Reshma Saujani (born November 18, 1975) is an American lawyer, politician, civil servant, and the founder of the nonprofit organization Girls Who Code, which aims to increase the number of women in computer science and close the gender employment difference in that field. She worked in city government as a deputy public advocate at the New York City Public Advocate's office. In 2009, Saujani ran against Carolyn Maloney for the U.S. House of Representatives seat from New York's 14th congressional district, becoming the first Indian-American woman to run for Congress. In 2013, she ran as a Democratic candidate for Public Advocate, coming third in the primary. Following the 2012 founding of Girls Who Code, Saujani was listed in Fortune’s 40 Under 40 list.

Early life and education
Saujani was born in Illinois.
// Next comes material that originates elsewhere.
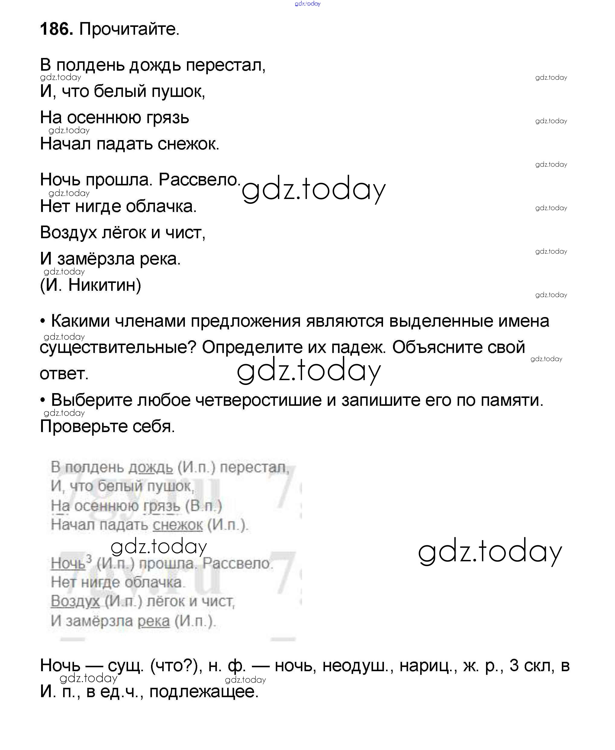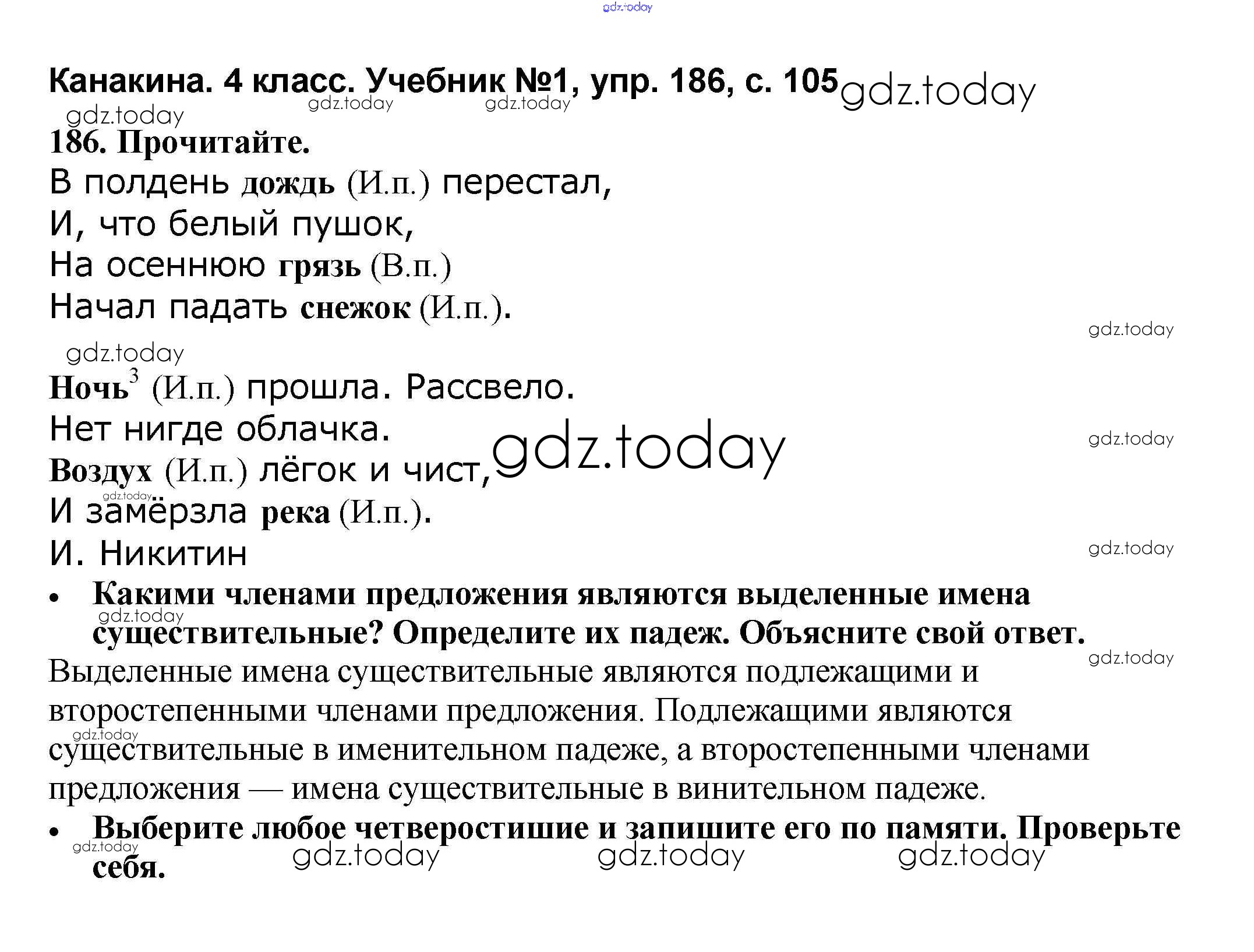 На страницах сайта gdz.today вы найдете учебный и вспомогательный материал, направленный на улучшения знаний школьной программы. ГДЗ - онлайн мир знаний Решение к части 1 186 Учебнику по Русскому языку для 4 класса Канакина, Горецкий Просвещение Школа России 2015

She is of Gujarati Indian descent. Saujani's parents lived in Uganda, prior to being expelled along with other persons of Indian descent in the early 1970s by Idi Amin. They settled in Chicago.

Saujani attended the University of Illinois at Urbana-Champaign, where she graduated in 1997 with majors in Political Science and Speech Communication. She attended the John F. Kennedy School of Government at Harvard University, where she received a Master of Public Policy in 1999, and Yale Law School, where she received her Juris Doctor in 2002.

Career

Finance industry
Saujani worked at the law firm Davis Polk & Wardwell LLP, where she defended securities fraud cases, and on a pro bono basis handled asylum cases. In 2005, she joined the investment firm Carret Asset Management. Subsequently, she joined Blue Wave Partners Management, a subsidiary of the Carlyle Group, the global alternative asset management firm specializing in private equity. She was an associate general counsel at Blue Wave, an equity multi-strategy hedge fund; it was closed in the aftermath of the 2008 market collapse. Immediately prior to running for Congress, Saujani was a deputy general counsel at Fortress Investment Group. In 2012, Saujani founded Girls Who Code, a nonprofit organization which works to close the gender gap in technology. In 2015, she collected a salary of $224,913 from the organization, according to Internal Revenue Service filings.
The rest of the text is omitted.